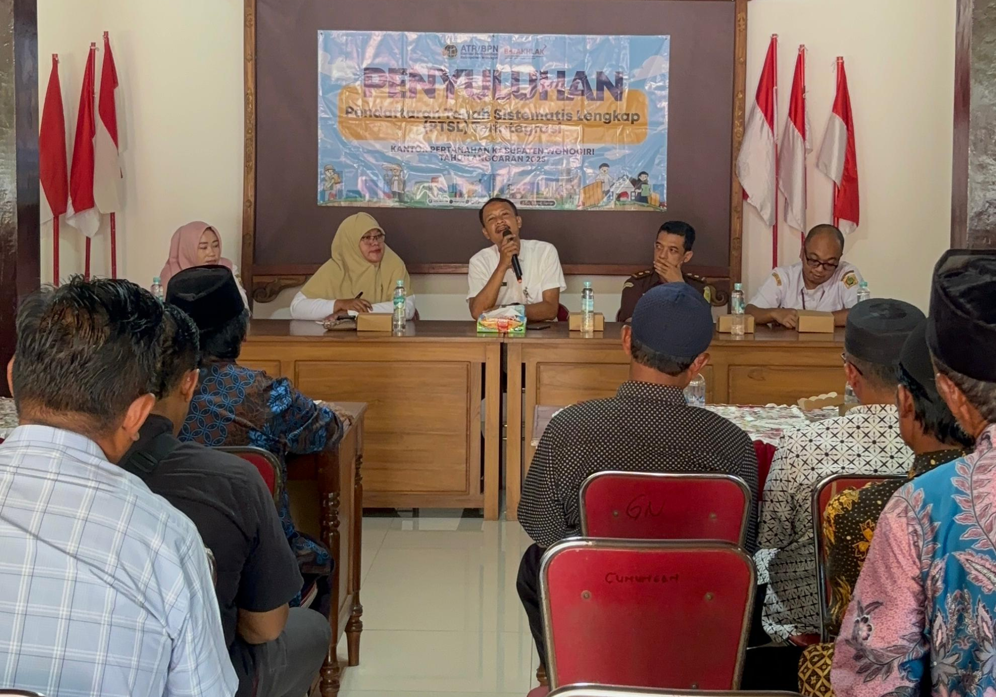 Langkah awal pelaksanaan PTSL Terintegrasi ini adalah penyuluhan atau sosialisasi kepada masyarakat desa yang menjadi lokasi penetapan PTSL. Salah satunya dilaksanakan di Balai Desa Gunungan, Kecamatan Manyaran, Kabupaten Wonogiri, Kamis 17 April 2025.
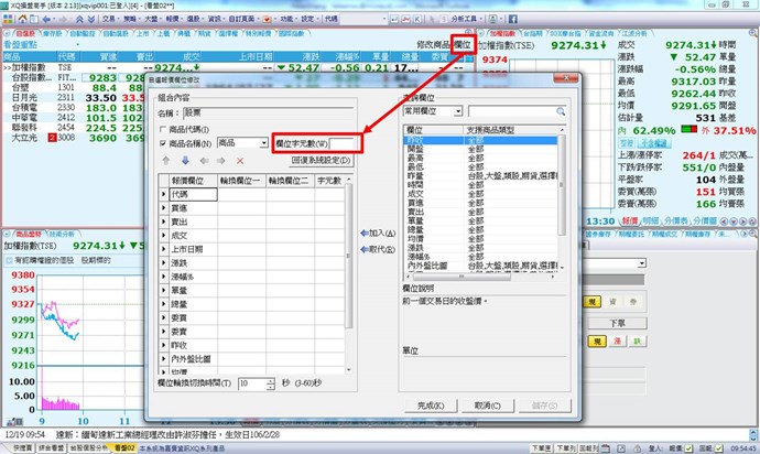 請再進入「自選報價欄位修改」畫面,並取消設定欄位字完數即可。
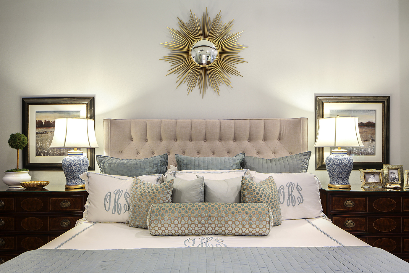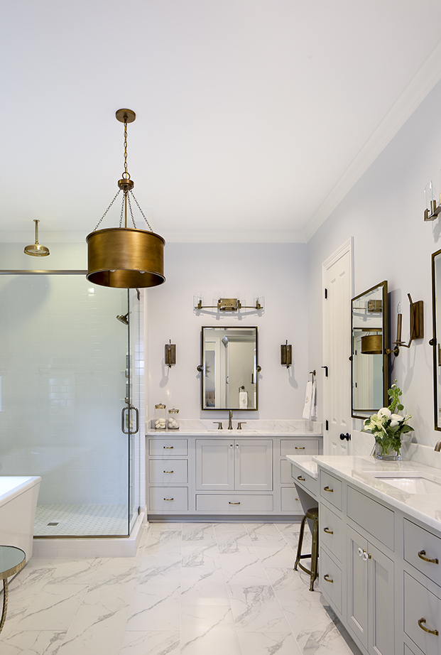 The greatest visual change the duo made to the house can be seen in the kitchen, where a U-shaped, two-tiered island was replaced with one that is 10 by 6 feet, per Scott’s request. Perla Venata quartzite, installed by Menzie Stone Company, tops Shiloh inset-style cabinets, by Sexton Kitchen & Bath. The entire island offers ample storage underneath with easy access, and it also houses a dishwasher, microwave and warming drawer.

_What is expected:_ Once the pictures are set aside, the remaining data must be transcribed exactly.

_Task solution:_
 Langkah awal pelaksanaan PTSL Terintegrasi ini adalah penyuluhan atau sosialisasi kepada masyarakat desa yang menjadi lokasi penetapan PTSL. Salah satunya dilaksanakan di Balai Desa Gunungan, Kecamatan Manyaran, Kabupaten Wonogiri, Kamis 17 April 2025.
 請再進入「自選報價欄位修改」畫面,並取消設定欄位字完數即可。
 The greatest visual change the duo made to the house can be seen in the kitchen, where a U-shaped, two-tiered island was replaced with one that is 10 by 6 feet, per Scott’s request. Perla Venata quartzite, installed by Menzie Stone Company, tops Shiloh inset-style cabinets, by Sexton Kitchen & Bath. The entire island offers ample storage underneath with easy access, and it also houses a dishwasher, microwave and warming drawer.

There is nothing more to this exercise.